>>>

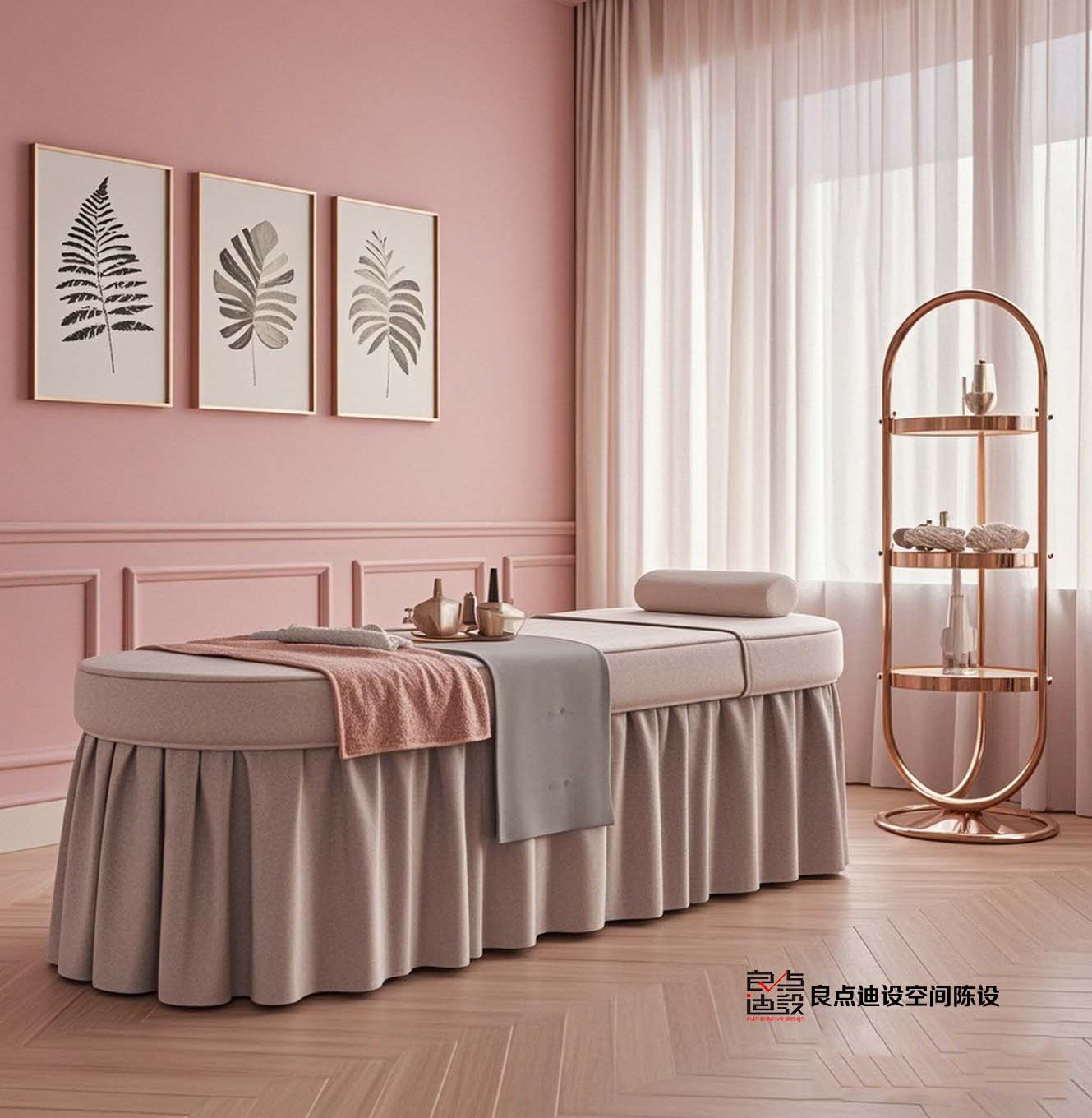 美容间软装设计是为了营造舒适、美观、功能性强的环境,为顾客提供一个放松、愉悦的美容体验。美容间的颜色选择非常重要。柔和的粉色、浅蓝色和绿色是常见的选择,可以给人一种温暖、舒适的感觉。合理的照明设计也至关重要,可以使用柔和的灯光和壁灯来烘托出温馨的氛围。
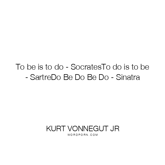 To be is to do - SocratesTo do is to be - SartreDo Be Do Be Do - Sinatra
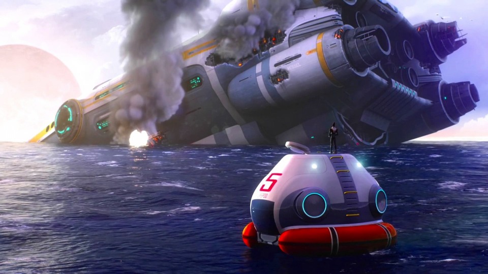 К слову за всё что вы сделаете будь то аптечка, холодильник, или огнетушитель вы автоматом становитесь должны корпорации которой принадлежит Аврора и все находящееся на ней технологии. К стати говоря первое что смутило меня в игре так это бесполезность костюма, в котором вы начинаете играть, судя по сюжету костюм должен быть спасательным но почему то совсем не спасает, от огня в шлюпке он полностью бесполезен ведь точно такой же урон человек мог бы получить и без костюма, на долгое пребывание в воде он тоже не очень то предрасположен, он не держит не удары тока ни зубов рыбы, и что самое любопытное он не выдерживает радиации испускаемой Авророй в окрестностях её крушения, хотя первое от чего должны защищать скафандры в космосе так это от радиации, тем более даже сейчас в наше время есть противорадиационные меры защиты вроде арк, рзк, или демрона что уж говорить о будущем в котором присутствуют межгалактические корабли вроде авроры. Вторым смущением стали сами шлюпки, по мере прохождения мы узнаем о том что десятки спасательных в кавычках шлюпок попросту уничтожены при падении, возникает вопрос их в Китае заказывали, или они бюджетные, как минимум половина планеты покрыта водой, я конечно понимаю что возможно у некоторых отказали турбины но куда подевался старый добрый парашют, да и по всей видимости их делают всё теме же 3д принтерами из всего что попадётся под руку ведь как ещё объяснить то что они лопаются при малейшем прикосновении с твёрдой поверхностью о чём указывают многочисленные обломки. И плюс ко всему у шлюпок нет возможности передвижения, я конечно не говорю про мотор или более того про нормальный реактивный двигатель ведь чего ждать от компании которая вычитает с тебя деньги за аптечки и строит шлюпки из папье маше но весло могли бы и дать.
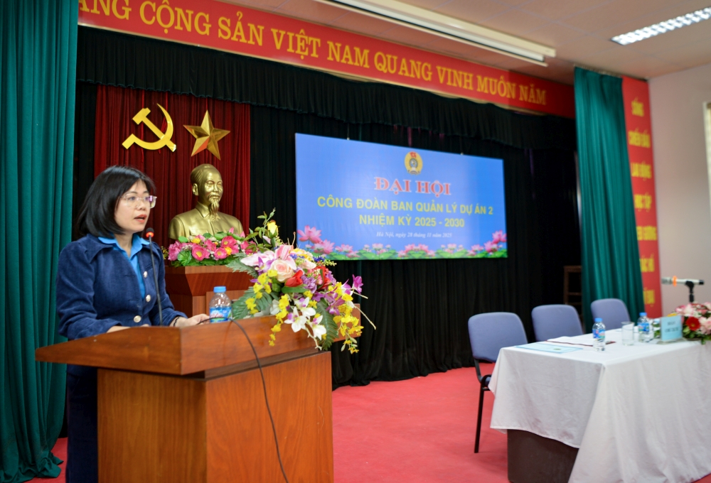 Phát biểu tại Đại hội, đồng chí Trần Thị Thu Phương, Phó Trưởng Ban Quan hệ lao động Công đoàn Xây dựng Việt Nam đánh giá cao những kết quả nổi bật mà Công đoàn Ban Quản lý Dự án 2 đã đạt được trong nhiệm kỳ vừa qua. Đồng chí đề nghị Công đoàn tiếp tục thể hiện tốt vai trò đại diện, chăm lo và bảo vệ quyền, lợi ích hợp pháp của người lao động; phối hợp chặt chẽ với Lãnh đạo Ban để xây dựng quan hệ lao động hài hòa, ổn định, đồng thời thực hiện nghiêm quy chế dân chủ, tạo dựng môi trường làm việc khuyến khích sự sáng tạo, trách nhiệm và đoàn kết.
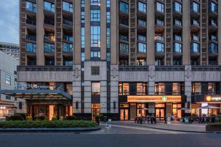外立面采用都市现代风格,以现代手法诠释古典精神,采用低碳环保的铝合金板装饰,以造车的细节标准打造建筑,体现超强的精工品质和高级感。从阿斯顿马丁概念汽车设计中获得灵感,采用经典且摩登的色彩搭配,以弧度、材质对比和建造细节来呈现建筑的高级感和新古典主义气质。
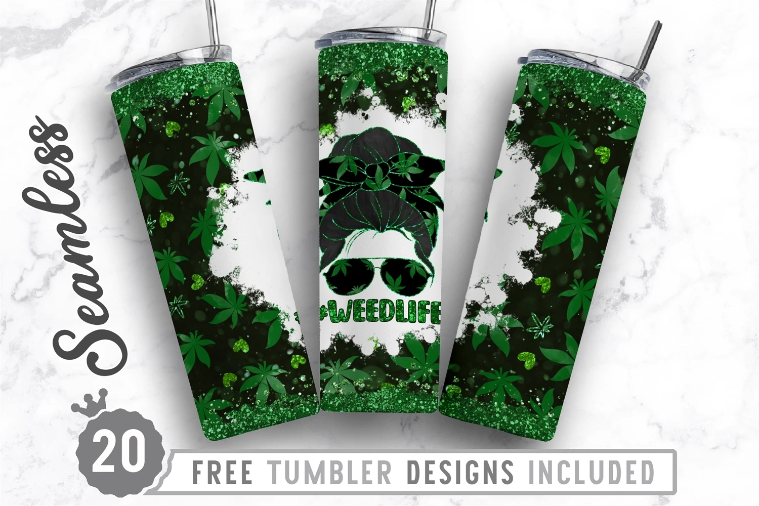 20oz Weed Life Skinny Tumbler Sublimation, Straight Tapered
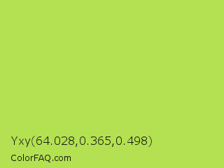 Yxy 64.028,0.365,0.498 Color is a normal lime color and the nearest color is Conifer #acdd4d. Hex code #b3e151 and RGB value is rgb(179,225,81). In RGB color space, this color is composed of 70% red, 88% green, 32% blue, In CMYK color space, this color is composed of 20% cyan, 0% magenta, 64% yellow , 12% black , In HSL color space, this color has a hue angle of 79° , 71% saturation and 60% lightness.
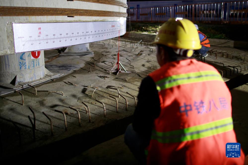 8月25日,工作人员在监测尖坡寨特大桥转体角度。

<<<

EXERCISE OBJECTIVE: Could you print all the entries exactly as they stand, with the pictures left out?

YOUR SOLUTION:
 美容间软装设计是为了营造舒适、美观、功能性强的环境,为顾客提供一个放松、愉悦的美容体验。美容间的颜色选择非常重要。柔和的粉色、浅蓝色和绿色是常见的选择,可以给人一种温暖、舒适的感觉。合理的照明设计也至关重要,可以使用柔和的灯光和壁灯来烘托出温馨的氛围。
 To be is to do - SocratesTo do is to be - SartreDo Be Do Be Do - Sinatra
 К слову за всё что вы сделаете будь то аптечка, холодильник, или огнетушитель вы автоматом становитесь должны корпорации которой принадлежит Аврора и все находящееся на ней технологии. К стати говоря первое что смутило меня в игре так это бесполезность костюма, в котором вы начинаете играть, судя по сюжету костюм должен быть спасательным но почему то совсем не спасает, от огня в шлюпке он полностью бесполезен ведь точно такой же урон человек мог бы получить и без костюма, на долгое пребывание в воде он тоже не очень то предрасположен, он не держит не удары тока ни зубов рыбы, и что самое любопытное он не выдерживает радиации испускаемой Авророй в окрестностях её крушения, хотя первое от чего должны защищать скафандры в космосе так это от радиации, тем более даже сейчас в наше время есть противорадиационные меры защиты вроде арк, рзк, или демрона что уж говорить о будущем в котором присутствуют межгалактические корабли вроде авроры. Вторым смущением стали сами шлюпки, по мере прохождения мы узнаем о том что десятки спасательных в кавычках шлюпок попросту уничтожены при падении, возникает вопрос их в Китае заказывали, или они бюджетные, как минимум половина планеты покрыта водой, я конечно понимаю что возможно у некоторых отказали турбины но куда подевался старый добрый парашют, да и по всей видимости их делают всё теме же 3д принтерами из всего что попадётся под руку ведь как ещё объяснить то что они лопаются при малейшем прикосновении с твёрдой поверхностью о чём указывают многочисленные обломки. И плюс ко всему у шлюпок нет возможности передвижения, я конечно не говорю про мотор или более того про нормальный реактивный двигатель ведь чего ждать от компании которая вычитает с тебя деньги за аптечки и строит шлюпки из папье маше но весло могли бы и дать.
 Phát biểu tại Đại hội, đồng chí Trần Thị Thu Phương, Phó Trưởng Ban Quan hệ lao động Công đoàn Xây dựng Việt Nam đánh giá cao những kết quả nổi bật mà Công đoàn Ban Quản lý Dự án 2 đã đạt được trong nhiệm kỳ vừa qua. Đồng chí đề nghị Công đoàn tiếp tục thể hiện tốt vai trò đại diện, chăm lo và bảo vệ quyền, lợi ích hợp pháp của người lao động; phối hợp chặt chẽ với Lãnh đạo Ban để xây dựng quan hệ lao động hài hòa, ổn định, đồng thời thực hiện nghiêm quy chế dân chủ, tạo dựng môi trường làm việc khuyến khích sự sáng tạo, trách nhiệm và đoàn kết.
外立面采用都市现代风格,以现代手法诠释古典精神,采用低碳环保的铝合金板装饰,以造车的细节标准打造建筑,体现超强的精工品质和高级感。从阿斯顿马丁概念汽车设计中获得灵感,采用经典且摩登的色彩搭配,以弧度、材质对比和建造细节来呈现建筑的高级感和新古典主义气质。
 20oz Weed Life Skinny Tumbler Sublimation, Straight Tapered
 Yxy 64.028,0.365,0.498 Color is a normal lime color and the nearest color is Conifer #acdd4d. Hex code #b3e151 and RGB value is rgb(179,225,81). In RGB color space, this color is composed of 70% red, 88% green, 32% blue, In CMYK color space, this color is composed of 20% cyan, 0% magenta, 64% yellow , 12% black , In HSL color space, this color has a hue angle of 79° , 71% saturation and 60% lightness.
 8月25日,工作人员在监测尖坡寨特大桥转体角度。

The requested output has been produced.